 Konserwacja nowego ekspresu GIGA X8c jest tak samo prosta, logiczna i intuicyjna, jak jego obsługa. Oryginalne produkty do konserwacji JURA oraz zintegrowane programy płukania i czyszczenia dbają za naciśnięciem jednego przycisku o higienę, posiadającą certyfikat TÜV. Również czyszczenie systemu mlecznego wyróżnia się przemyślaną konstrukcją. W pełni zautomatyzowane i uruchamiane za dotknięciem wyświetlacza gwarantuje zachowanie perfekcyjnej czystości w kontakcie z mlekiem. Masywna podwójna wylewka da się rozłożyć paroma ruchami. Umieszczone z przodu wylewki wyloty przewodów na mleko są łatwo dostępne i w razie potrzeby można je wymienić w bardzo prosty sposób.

☆ ☆ ☆ ☆ ☆

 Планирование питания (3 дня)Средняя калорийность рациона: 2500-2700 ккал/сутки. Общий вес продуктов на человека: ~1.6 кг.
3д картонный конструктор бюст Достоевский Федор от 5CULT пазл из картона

☆ ☆ ☆ ☆ ☆

EXERCISE DIRECTIONS —
Within the listing above, locate the line containing "Планирование питания (3" and the line containing "3д картонный конструктор". Reproduce those two lines and all lines between them exactly, with nothing added.

SOLUTION TO THIS TASK —
 Планирование питания (3 дня)Средняя калорийность рациона: 2500-2700 ккал/сутки. Общий вес продуктов на человека: ~1.6 кг.
3д картонный конструктор бюст Достоевский Федор от 5CULT пазл из картона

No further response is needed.